9. Additional Covenants.

(a) To the knowledge of Original Borrower, no default or Event of Default (as defined in the Deed of Trust) has occurred or is continuing under any of the Loan Documents.

(b) Except as otherwise expressly amended or modified herein or in the documents or instruments delivered by Assuming Borrower to Lender, and except for those representations and warranties which relate to the organization of Original Borrower, to the knowledge of Assuming Borrower, the representations and warranties in the Deed of Trust, the Assignment of Rents, the Note and the other Loan Documents or in any other documents or instruments delivered in connection with the Loan Assumption Agreement, or other documents or instruments delivered in connection with the Loan Documents, are true, on and as of the date hereof, with the same force and effect as if made on and as of the date hereof.
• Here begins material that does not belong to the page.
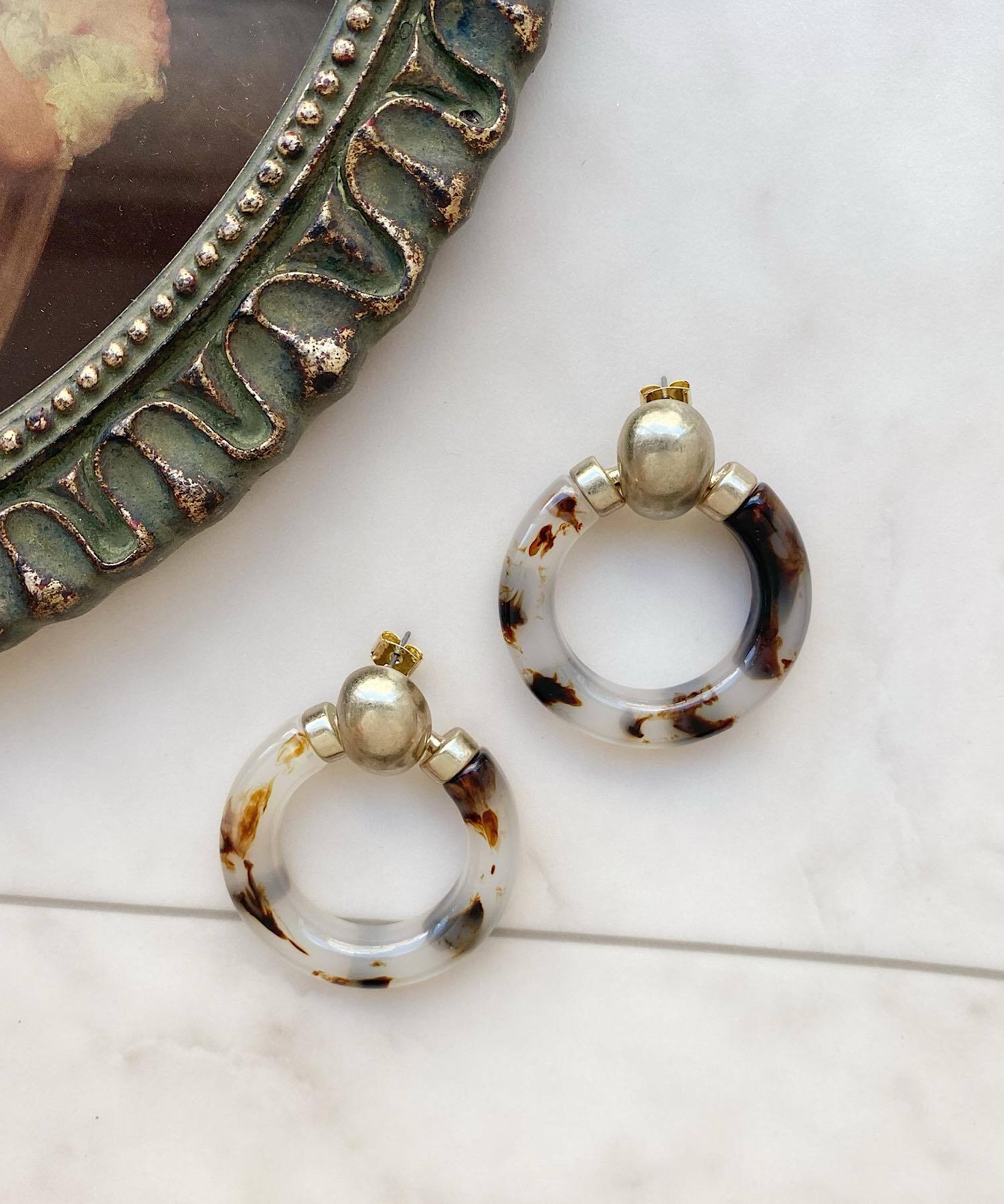 マーブルデザインとメタルパーツがアクセントのピアス。

To the knowledge of Original Borrower, the representations and warranties made by Original Borrower in the Deed of Trust, the Assignments of Rents, the Note and the other Loan Documents or in any other documents or instruments delivered by Original Borrower in connection with the Loan Assumption Agreement, or any other documents or instruments delivered in connection with the Loan Documents, are true, on and as of the date hereof, with the same force and effect as if made on and as of the date hereof.

 

12


(c) Original Borrower acknowledges that the funds listed below as tax escrow, insurance escrow, and replacement reserve escrow constitute all of the reserve and escrow funds held by Lender as of even date hereof, with respect to the Loan, and authorizes such funds to be transferred to an account controlled by Lender for the benefit of Lender and Assuming Borrower. Original Borrower agrees that it has no further interest in any of the funds retained by Lender in connection with the Loan or on behalf of Original Borrower, including those funds listed below as tax escrow, insurance escrow, and replacement reserve escrow and acknowledges that such funds are to be transferred to an account controlled by Lender for the benefit of Assuming Borrower.

 

Tax Escrow Account

   $ 124,303.25

Insurance Escrow Account

   $ 124,698.09

Replacement Reserve Escrow Account

   $ 387,892.97

(d) The Federal Tax Identification Number of Assuming Borrower is: 20-5410302

10. Conditions. This Agreement shall be of no force and effect until each of the following conditions has been met to the reasonable satisfaction of Lender:

(a) Fees and Expenses. Assuming Borrower or Original Borrower shall pay, or cause to be paid to Capmark: (i) all costs and expenses incident to the preparation, execution and recordation hereof and the consummation of the transaction contemplated hereby, including, but not limited to, recording fees, filing fees, transfer fees, title insurance policy or endorsement premiums or other charges of Title Company and fees and expenses of legal counsel; and (ii) an assumption fee in the amount of ONE HUNDRED THIRTY-SEVEN THOUSAND AND 00/100 DOLLARS ($137,000.00), which represents one percent (1%) of the outstanding principal balance of the Loan as of even date hereof.

(b) Satisfaction of all requirements under the Loan Documents, subject to the approval of Lender and Lender’s counsel, in their sole discretion, as evidenced by Lender’s counsel’s written authorization to the title insurance company endorsing Lender’s title insurance policy to close the contemplated transaction and record to deed of conveyance to Assuming Borrower.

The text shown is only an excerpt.